Recorded data →
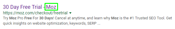 • Branding: At Moz, we love to end our title tags with a brand name mention because it promotes brand awareness and creates a higher click-through rate among people who are familiar with Moz. Sometimes it makes sense to place your brand at the beginning of the title tag, such as on your homepage, but be mindful of what you are trying to rank for and place those words closer toward the beginning of your title tag.
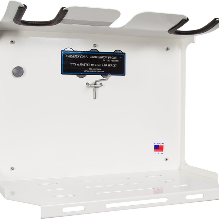 Dimensions: 8 ½" depth of bottom shelf, 7" depth of upper spray gun holding flange.
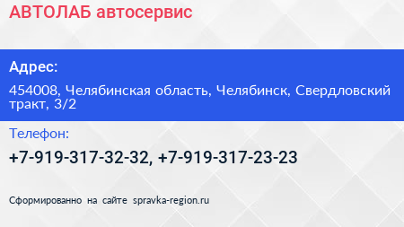 АВТОЛАБ, автосервис по адресу 454008, Челябинская область, Челябинск, Свердловский тракт, 3/2 в дальнейшем Организация, размещена в следующих категориях:
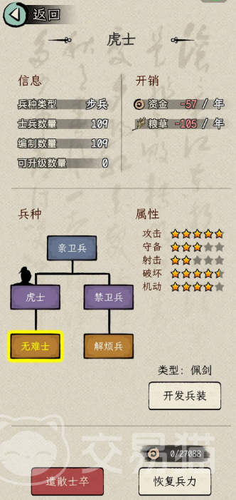 兵种方面,有两条路线可供选择。如果你偏爱远程攻击,无当飞军是个不错的选择,这支部队在战场上几乎无敌。要是骑兵才是你的最爱,飞熊军绝对值得培养,其属性和输出能力都是最顶尖的,紧随其后的是虎豹兵和西凉铁骑,它们在各种战斗中也非常有优势。
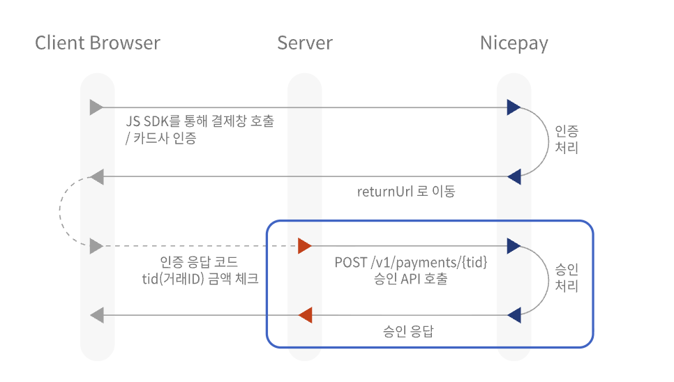 인증 결과 수신/금액 검증/승인(결제 확정)/성공·실패 리다이렉트는 백엔드에서 처리하세요.

INSTRUCTIONS TO FOLLOW →
Could you write out, word for word, the lines from the one containing "gun holding flange." through the last line of the records, leaving out the pictures?

TASK RESPONSE →
 Dimensions: 8 ½" depth of bottom shelf, 7" depth of upper spray gun holding flange.
 АВТОЛАБ, автосервис по адресу 454008, Челябинская область, Челябинск, Свердловский тракт, 3/2 в дальнейшем Организация, размещена в следующих категориях:
 兵种方面,有两条路线可供选择。如果你偏爱远程攻击,无当飞军是个不错的选择,这支部队在战场上几乎无敌。要是骑兵才是你的最爱,飞熊军绝对值得培养,其属性和输出能力都是最顶尖的,紧随其后的是虎豹兵和西凉铁骑,它们在各种战斗中也非常有优势。
 인증 결과 수신/금액 검증/승인(결제 확정)/성공·실패 리다이렉트는 백엔드에서 처리하세요.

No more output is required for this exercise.